Dark Defender Says XRP Breakout Above Orange Resistance, Targets All-Time High
Crypto analyst Dark Defender says XRP has broken above an “orange resistance” trendline on the 3-day chart, after repeatedly holding the Fibonacci support near $1.31 (the 50% retracement zone). He argues XRP’s corrective wave structure is complete (C Wave done), which often precedes a fresh uptrend.
Dark Defender also highlights a Resistance–Support Triangle breakout, reinforcing bullish continuation. Momentum improves as the 3-day RSI forms a bullish crossover, suggesting stronger buying pressure.
Price targets are mapped using Fibonacci extensions: 123.60% near $1.66, 161.80% around $1.88, and 261.80% near $5.85—framed as a potential new all-time high for XRP.
Traders may watch whether XRP can hold above $1.31 after the breakout. A clean follow-through could attract momentum traders and push price toward the extension levels, while rejection near resistance would weaken the bullish thesis.
Bullish
The article is explicitly bullish for XRP, citing (1) a confirmed breakout above an established resistance trendline, (2) Fibonacci support holding around $1.31, (3) completion of the C wave (end of a correction), (4) a Resistance–Support Triangle breakout, and (5) a bullish RSI crossover on the 3-day timeframe. Together, these align with a common technical “trend resumption” playbook: when price breaks resistance after holding key fib support and momentum turns up, traders often increase long exposure and use the prior support as a reference for risk.
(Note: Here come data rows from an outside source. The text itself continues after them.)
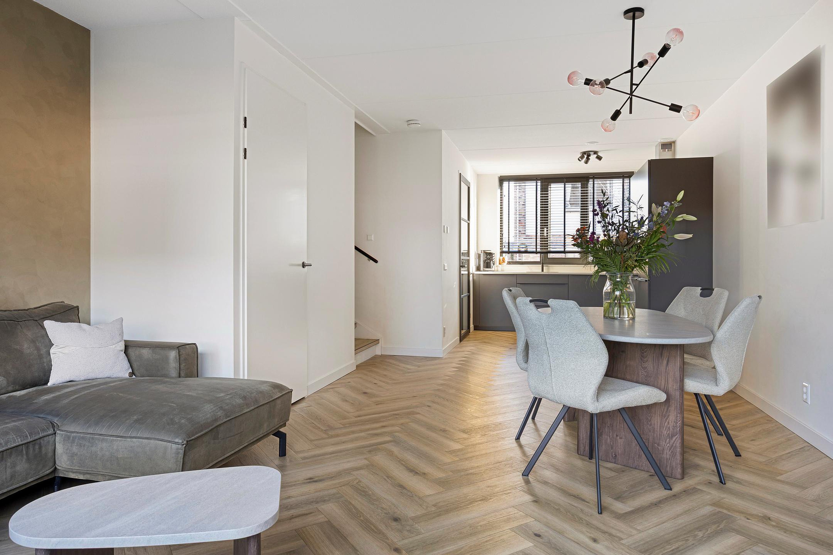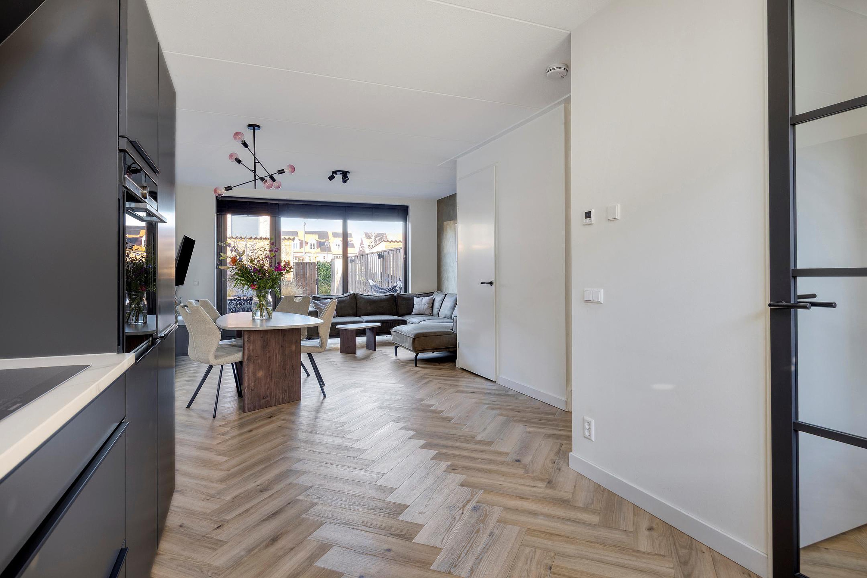 De pvc-vloer ligt in een visgraad motief en loopt door tot in de keuken en woonkamer.
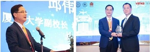 邱伟杰在致辞中,首先对林海川会长带领下的第一、二届理事会工作表示了高度认可,并恭喜林海川会长连任,希望新一届理事会能够继续团结广大东莞校友、服务广大校友,加强与母校的联络和交流,为东莞厦大人提供温馨的精神港湾。他还就母校近期发展和百年校庆筹备工作向东莞校友做了介绍,希望广大东莞校友积极加入到百年校庆筹备中来,群策群力,把百年校庆真正办成师生校友的盛大节日,也在母校百年校庆活动中留下难忘的记忆。邱伟杰代表学校对林海川会长伉俪在服务校友,回馈母校方面的贡献表达了感谢,并现场为林海川会长颁发了“厦大校友服务奖”奖杯,以及“奋进新百年,共筑新伟业”行动计划行动大使荣誉牌。
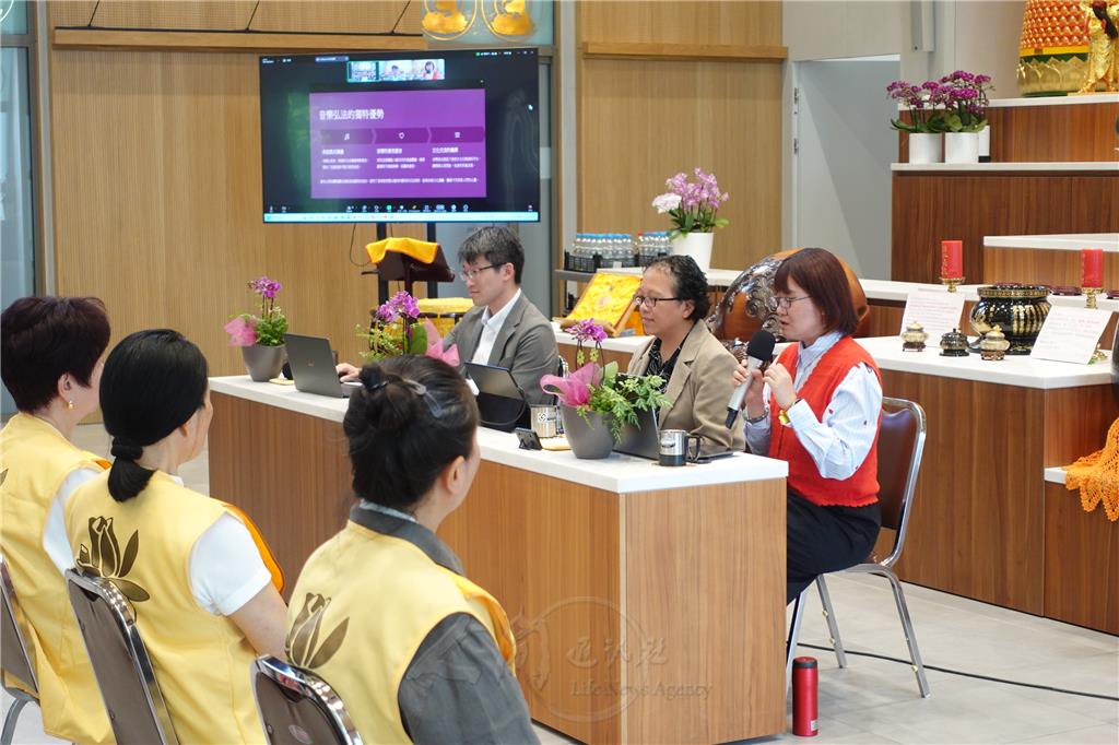 鄭維儀則以「歐洲弘法史採風心得」為題,從佛教本土化與人間佛教理念切入,分享她在巴黎法華禪寺、倫敦佛光山及柏林佛光山的觀察。她介紹歐洲道場在本土化上的努力與成果,包括多語翻譯人才培訓、歐洲佛光聯誼會論壇、佛光中文學校,以及菩提園青少年佛門體驗營等。

In the short term, the most immediate impact is sentiment and positioning: breakout traders may front-run follow-through toward $1.66 and $1.88. The key risk is the classic retest/rejection scenario—if XRP cannot hold above $1.31 after the breakout, momentum can fade quickly.
In the longer term, if the move continues to respect the higher-high/higher-low structure, Fibonacci extension levels (up to the $5.85 zone) can become magnet targets. Similar historical patterns in crypto—breakouts paired with RSI turn-ups and completed corrective structures—often lead to staged rallies, but usually with volatility and pullbacks rather than a straight line.